EXERCISE PROMPT: Set down the full listing below word for word; pictures stay out of the copy.

COLLECTED MATERIAL:
-- -- --

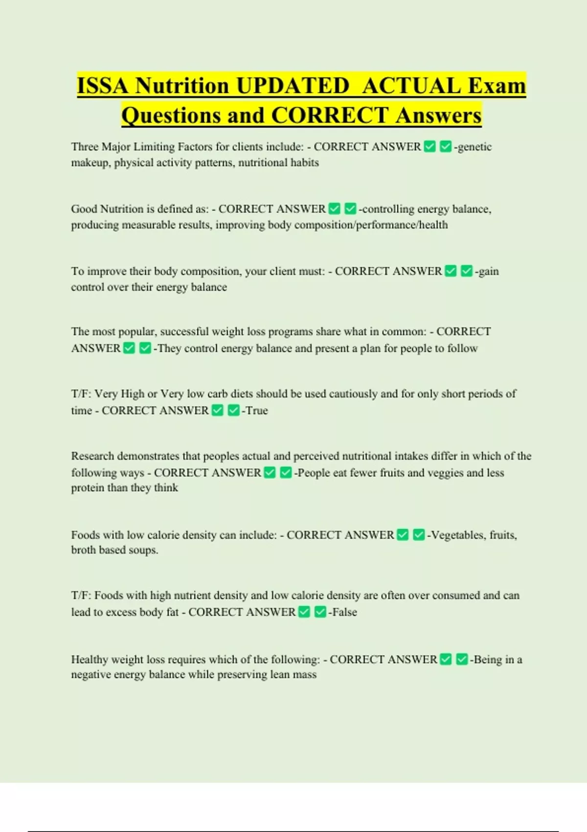 ISSA Nutrition UPDATED ACTUAL Exam Questions and CORRECT Answers
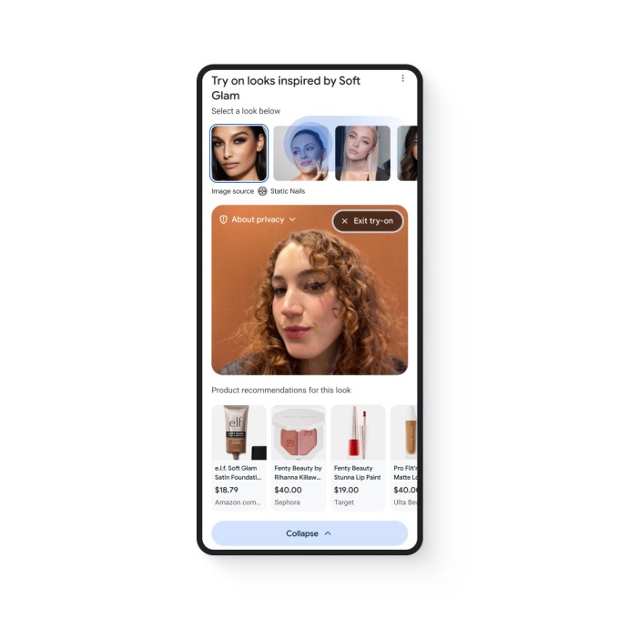 To use the AR beauty capability, mobile users can search things like “soft glam,” a trendy makeup look, and then select “See the looks on you” and “Try it on,” to then virtually wear neutral eyeshadows, rosy blush, lip gloss, and more.
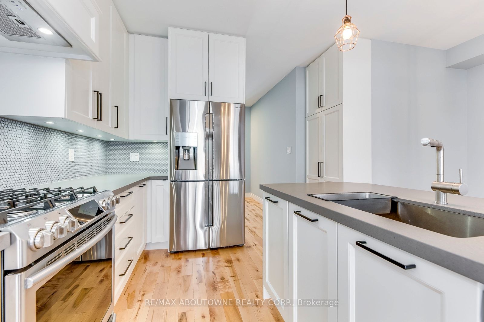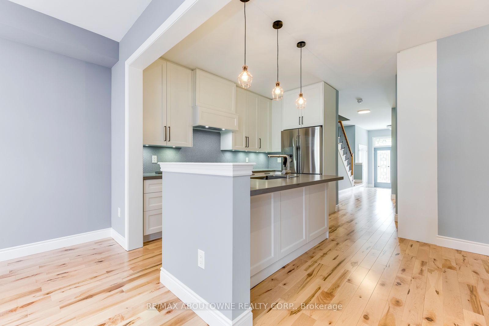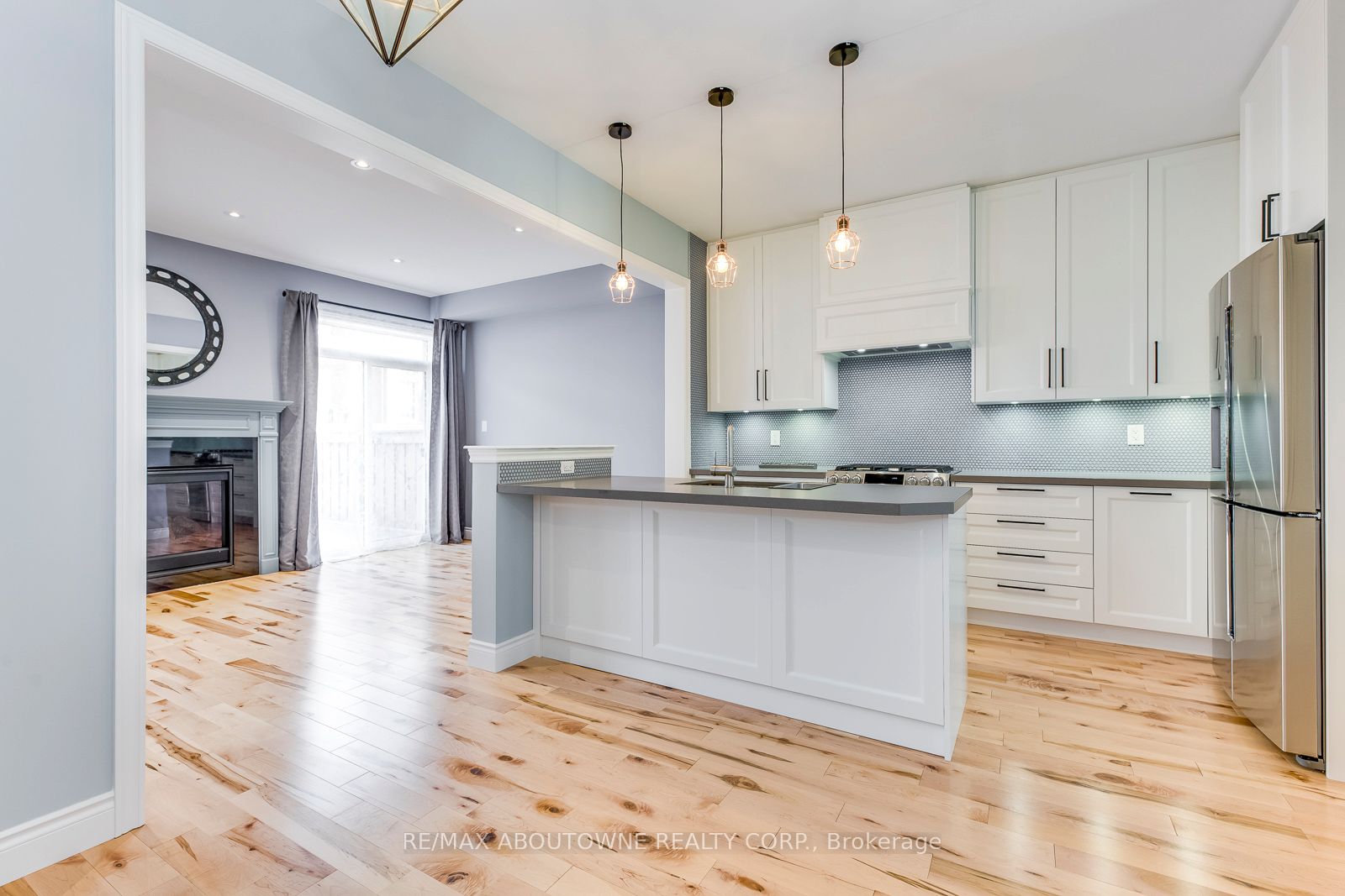 Bright and modern, this gorgeous traditional 2-storey townhome is extensively upgraded with high-end finishes throughout the 2,164 sf of finished living space. An elegant double front door invites you into the open-concept main floor living & dining, warmed by a gas fireplace, while 9' smooth ceilings & hardwood floors flow effortlessly throughout this level. The heart of the home is a custom white kitchen offering; full-height cabinetry, built-in-place range hood, soft close technology, pull-out recycling & pot drawers, deep pantry & concealed undercabinet lighting, premium stainless appliances inc. Samsung fridge & gas stove that will delight the budding chef. The style-conscious will appreciate the quartz countertops with breakfast bar, undermount sink, premium faucet & backsplash. A hardwood staircase guides to 3 upper level bedrooms inc. private master suite with a walk-in & ensuite with tiled shower & soaker tub. Hardwood floors lead down the hallway to well sized bedrooms offering plentiful natural light & shared bathroom. Downstairs, a fully-finished basement awaits, complete with a recreation room boasting plush carpeting, full bath, plenty of storage & laundry closet with full size appliances. There are so many extra features including a new water softener & reverse osmosis water system, and the home is freshly painted with upgraded lighting throughout. Outside, your entertainer's oasis awaits with a large deck as well as a gas BBQ line.
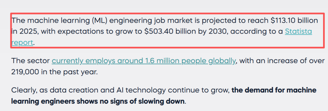 根据 Statista 的一份报告,机器学习 (ML) 工程就业市场预计到 2025 年将达到 1131.0 亿美元,预计到 2030 年将增长到 5034 亿美元。

-- -- --

EXPECTED OUTPUT:
 ISSA Nutrition UPDATED ACTUAL Exam Questions and CORRECT Answers
 To use the AR beauty capability, mobile users can search things like “soft glam,” a trendy makeup look, and then select “See the looks on you” and “Try it on,” to then virtually wear neutral eyeshadows, rosy blush, lip gloss, and more.
 Bright and modern, this gorgeous traditional 2-storey townhome is extensively upgraded with high-end finishes throughout the 2,164 sf of finished living space. An elegant double front door invites you into the open-concept main floor living & dining, warmed by a gas fireplace, while 9' smooth ceilings & hardwood floors flow effortlessly throughout this level. The heart of the home is a custom white kitchen offering; full-height cabinetry, built-in-place range hood, soft close technology, pull-out recycling & pot drawers, deep pantry & concealed undercabinet lighting, premium stainless appliances inc. Samsung fridge & gas stove that will delight the budding chef. The style-conscious will appreciate the quartz countertops with breakfast bar, undermount sink, premium faucet & backsplash. A hardwood staircase guides to 3 upper level bedrooms inc. private master suite with a walk-in & ensuite with tiled shower & soaker tub. Hardwood floors lead down the hallway to well sized bedrooms offering plentiful natural light & shared bathroom. Downstairs, a fully-finished basement awaits, complete with a recreation room boasting plush carpeting, full bath, plenty of storage & laundry closet with full size appliances. There are so many extra features including a new water softener & reverse osmosis water system, and the home is freshly painted with upgraded lighting throughout. Outside, your entertainer's oasis awaits with a large deck as well as a gas BBQ line.
 根据 Statista 的一份报告,机器学习 (ML) 工程就业市场预计到 2025 年将达到 1131.0 亿美元,预计到 2030 年将增长到 5034 亿美元。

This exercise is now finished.